As defined by IEEE, maintainability is "the ease with which a software system or component can be modified to correct faults, improve performance or other attributes, or adapt to a changed environment.” Maintenance is vital for the continuous and safe operation of higher education campuses. A well-planned electrical system will provide an up-front approach to maintainability by considering existing facility guidelines in conjunction with evolving codes and standards. Electrical working clearances (per National Electrical Code, Article 110) must be designed properly and maintained, taking into consideration that they are minimum code recommendations, and that they do not take into account the replacement means of the equipment. Standardization of components and in-stock spare parts can reduce downtime of operations considerably. For example, it is common for a draw-out switchgear design across a college campus to standardize circuit breaker frame sizes and maintain spares in stock that can be replaced among various facilities. 
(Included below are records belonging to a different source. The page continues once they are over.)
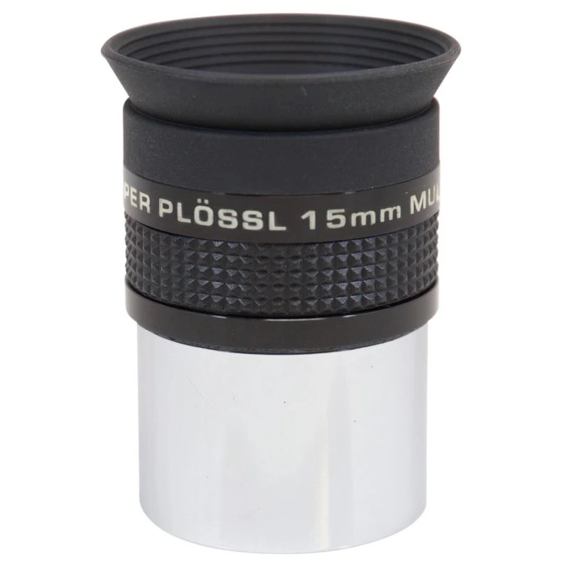 Meade 12.4mm focal length Series 4000 Super Plössl eyepiece. The Meade Series 4000 Super Plössl eyepieces offer precision engineered Meade optics, with wide fields, sharp images, and very satisfying views at very reasonable cost. Utilizing the very latest in optical glass types, the Series 4000 eyepieces represent an excellent general-purpose eyepiece. Engineered with a high quality 4-element design and offering a generous 52° apparent field of view, the eyepiece uses premium grade optical glass with multi-layer coatings and blackened lens edges for great image sharpness and contrast. Eye relief is 7mm. Features a precision made standard 1.25″ barrel and fold down rubber eyeguard for comfortable viewing as well as blocking stray light. Parafocal with other eyepieces of this series to minimize the need to refocus when switching eyepieces. Meade Series 4000 eyepieces are a terrific value and the lowest cost way to expand your range of magnifications with genuine Meade quality optics. Carries full one year Meade factory limited warranty.
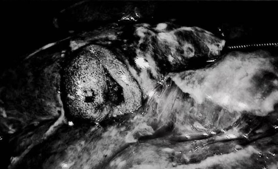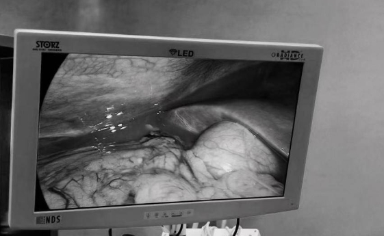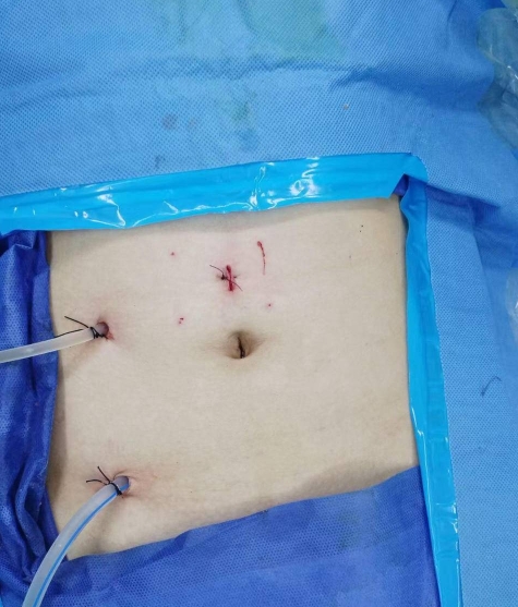 术中探查,腹腔大量浑浊液体约1000ml,重度感染,距离屈氏韧带约35cm处空肠见直径约1.5cm的穿孔,肠液及食物残渣不断渗出,另见部分小肠浆膜及左半结肠浆膜及脂肪垂挫伤。给予肠壁修补,大量生理盐水冲洗。手术过程中出血仅10ml。腹壁只有三个小孔,微创手术解决病人创伤难题。
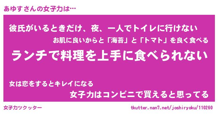 | ヘコむあだ名 | 『あゆもー』『豆乳』『あゆっぺ』 |
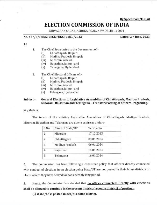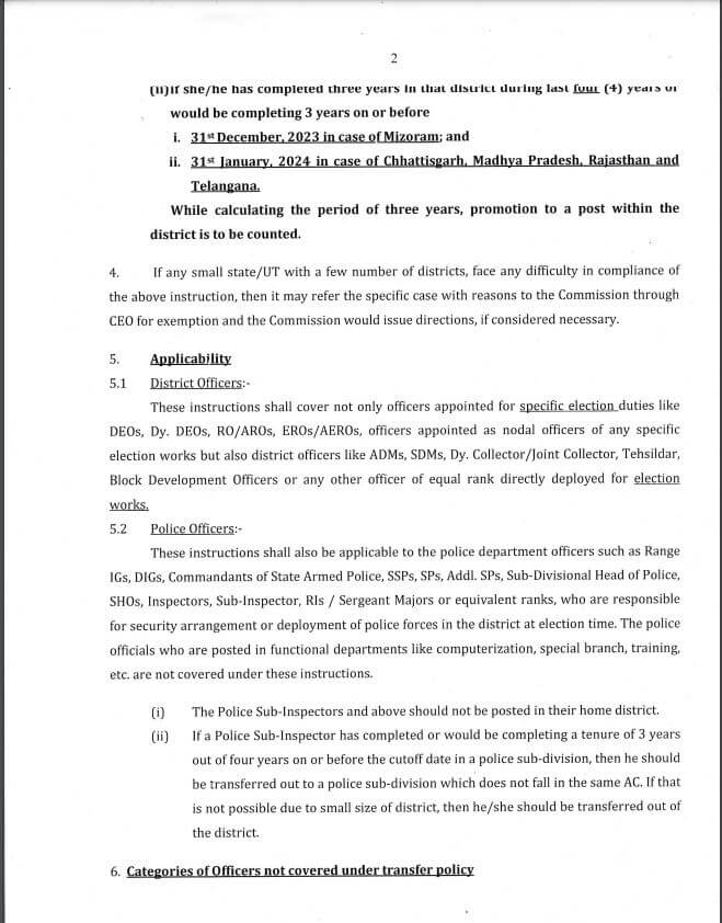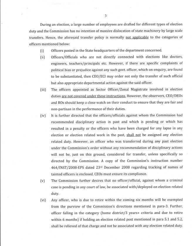 उन्होंने कहा कि निर्वाचन आयोग ने निर्देश जारी की वह इस प्रकार से है। निर्वाचन आयोग ने 3 साल तक एक ही सीट पर रहने वाले अफसरों को हटाए जाने का आदेश जारी किया है।

Equipment access remains a critical factor in maintaining a facility. During the design stage, consultants can facilitate this process with the BIM that has become a standard for sophisticated projects. BIM can visually present electrical systems in 3D software, and can include the equipment code clearances and access space as part of the illustrations. This tool proves invaluable in providing an avenue to ensure that the maintainability of the systems can be achieved. For example, cable tray access can be modeled—not just with the physical dimensions of the tray itself, but with the recommended continuous access space above of 12 in. and 24 in. on at least one side. 
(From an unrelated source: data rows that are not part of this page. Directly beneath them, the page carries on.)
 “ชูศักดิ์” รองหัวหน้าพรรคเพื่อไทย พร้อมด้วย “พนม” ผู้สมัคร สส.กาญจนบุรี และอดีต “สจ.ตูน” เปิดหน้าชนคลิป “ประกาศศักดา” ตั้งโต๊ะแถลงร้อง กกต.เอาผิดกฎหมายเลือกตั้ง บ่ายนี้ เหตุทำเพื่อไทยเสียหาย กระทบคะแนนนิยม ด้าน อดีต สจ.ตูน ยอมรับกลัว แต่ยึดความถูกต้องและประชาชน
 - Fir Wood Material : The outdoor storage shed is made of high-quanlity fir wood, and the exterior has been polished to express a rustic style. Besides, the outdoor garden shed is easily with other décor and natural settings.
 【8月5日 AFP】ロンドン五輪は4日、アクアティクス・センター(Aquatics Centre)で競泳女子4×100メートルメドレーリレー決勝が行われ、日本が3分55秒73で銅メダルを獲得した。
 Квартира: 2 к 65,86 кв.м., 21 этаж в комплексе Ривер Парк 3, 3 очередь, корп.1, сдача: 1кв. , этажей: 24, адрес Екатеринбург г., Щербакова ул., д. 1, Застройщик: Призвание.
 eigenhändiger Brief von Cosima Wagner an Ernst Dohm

One must not forget about the experience that the building’s facilities and service personnel bring to the equation. Site standards, preferred vendors (offering familiarity and standardization), safety protocols (preferred arc flash categories and infrared scanning), lessons learned, and operational requirements are parts of a successful maintainability goal that these groups of individuals must ultimately execute. Managing these requirements can be quite challenging, as the initial capital investment must balance the pre-investment of future maintenance costs. 

Conclusion

Providing today’s higher education clients with a reliable, flexible power infrastructure based on prudent first cost investments, managed with energy monitoring and optimized maintainability, and capable of supporting 100-year buildings is the unique challenge for the design professional delivering an electrical system. The extent to which the client’s expectations are met and all these elements of the campus are realized will be fundamental to the future success of the institution. 


Cordero is a senior electrical engineer with Affiliated Engineers Inc. in Madison, Wis. He specializes in complex higher education, health care, and research facilities. His most recent school projects are the Wisconsin Institutes for Discovery at the University of Wisconsin (2012 Lab of the Year) and the Eckhardt Research Center at the University of Chicago.